══ Information provided ══
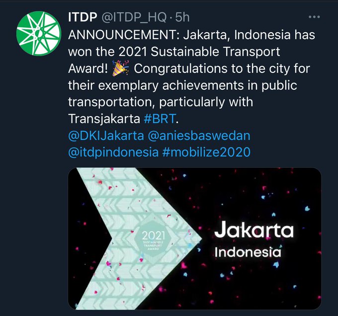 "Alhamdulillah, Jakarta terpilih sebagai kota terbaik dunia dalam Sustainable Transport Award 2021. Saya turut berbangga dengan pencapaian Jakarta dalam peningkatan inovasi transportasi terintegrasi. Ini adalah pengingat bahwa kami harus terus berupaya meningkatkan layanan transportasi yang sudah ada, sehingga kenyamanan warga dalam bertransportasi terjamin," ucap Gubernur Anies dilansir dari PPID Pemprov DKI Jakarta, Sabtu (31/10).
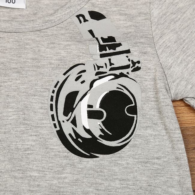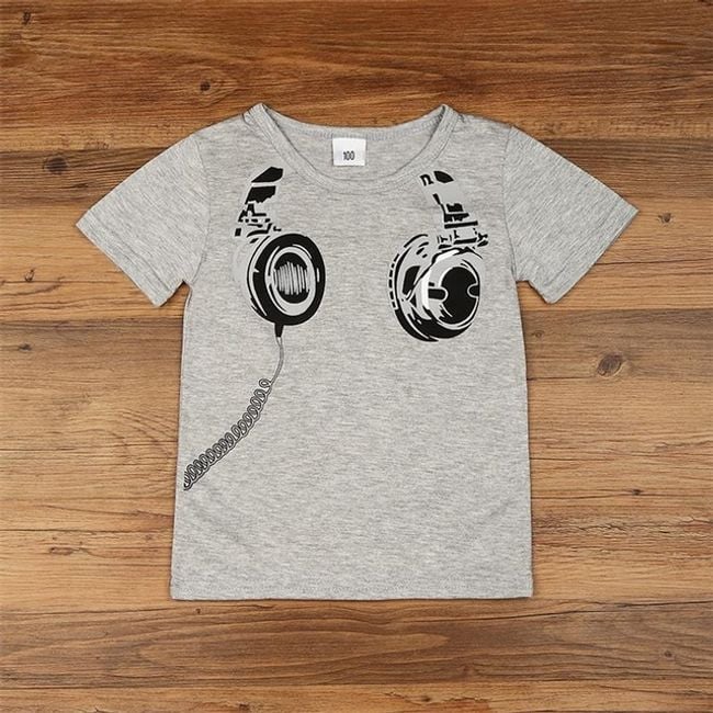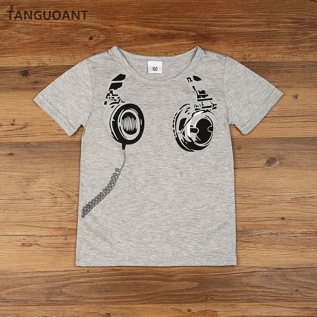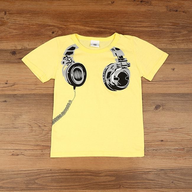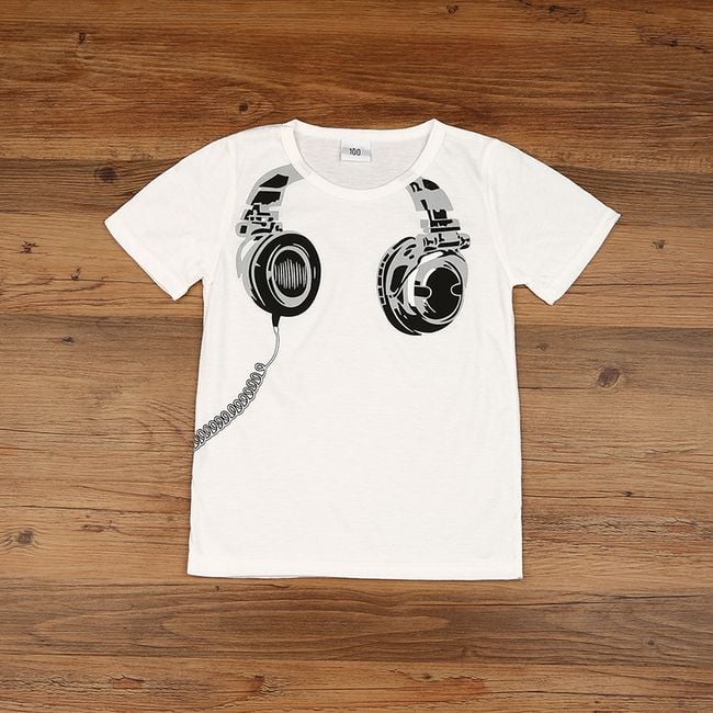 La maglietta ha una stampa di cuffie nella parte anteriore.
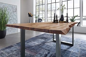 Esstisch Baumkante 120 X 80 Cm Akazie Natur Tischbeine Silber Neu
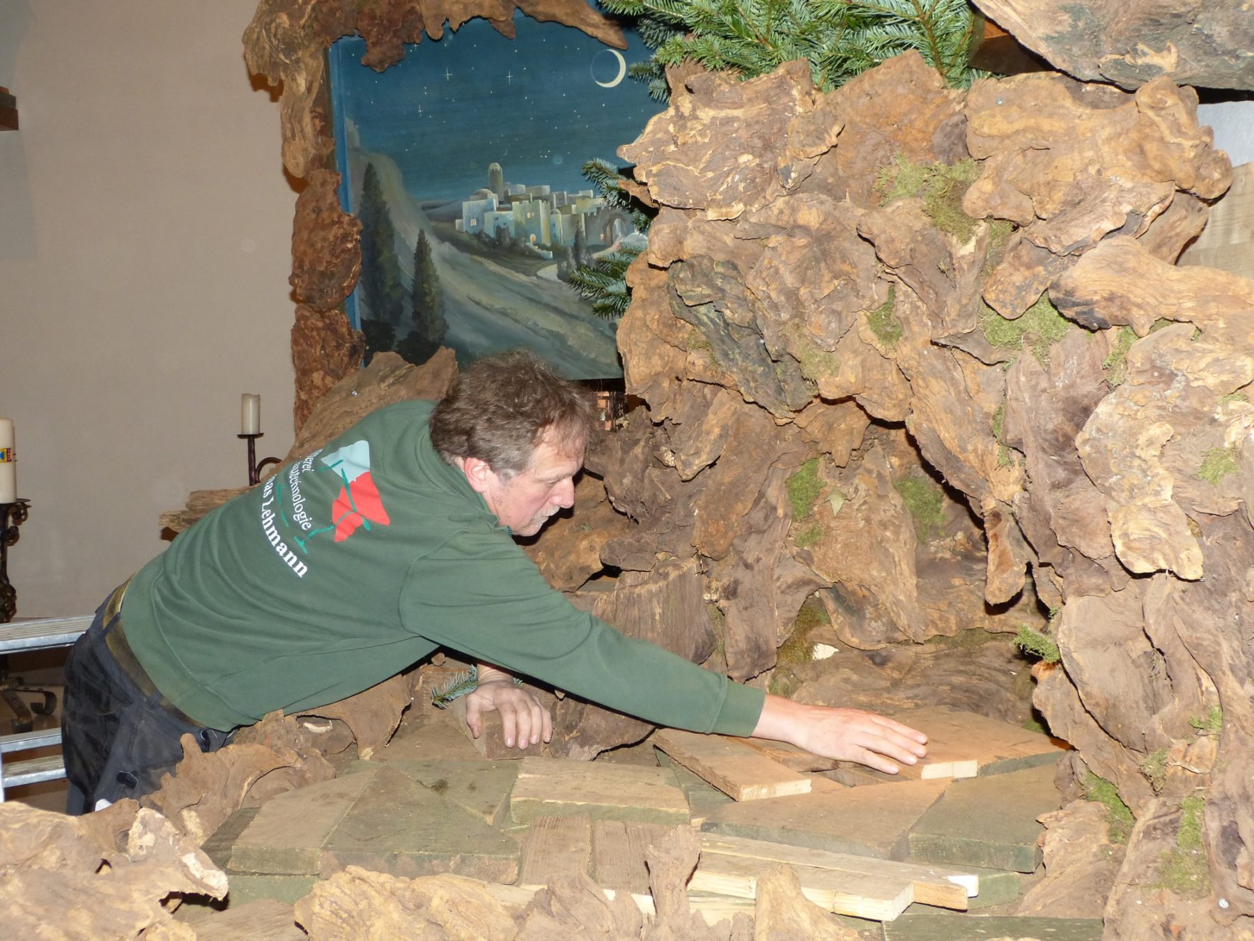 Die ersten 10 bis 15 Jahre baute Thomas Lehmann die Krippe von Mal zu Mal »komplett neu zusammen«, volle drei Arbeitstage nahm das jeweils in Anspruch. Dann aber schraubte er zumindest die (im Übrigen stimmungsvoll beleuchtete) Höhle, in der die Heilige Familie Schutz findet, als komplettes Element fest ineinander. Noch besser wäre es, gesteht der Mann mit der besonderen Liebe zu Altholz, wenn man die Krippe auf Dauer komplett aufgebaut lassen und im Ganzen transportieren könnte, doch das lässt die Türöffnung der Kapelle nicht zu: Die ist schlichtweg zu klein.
═══
**Task item:**
Give back exactly the lines from the line with "Esstisch Baumkante 120" through the end of the material above, and omit every picture.

**Output of the task:**
 Esstisch Baumkante 120 X 80 Cm Akazie Natur Tischbeine Silber Neu
 Die ersten 10 bis 15 Jahre baute Thomas Lehmann die Krippe von Mal zu Mal »komplett neu zusammen«, volle drei Arbeitstage nahm das jeweils in Anspruch. Dann aber schraubte er zumindest die (im Übrigen stimmungsvoll beleuchtete) Höhle, in der die Heilige Familie Schutz findet, als komplettes Element fest ineinander. Noch besser wäre es, gesteht der Mann mit der besonderen Liebe zu Altholz, wenn man die Krippe auf Dauer komplett aufgebaut lassen und im Ganzen transportieren könnte, doch das lässt die Türöffnung der Kapelle nicht zu: Die ist schlichtweg zu klein.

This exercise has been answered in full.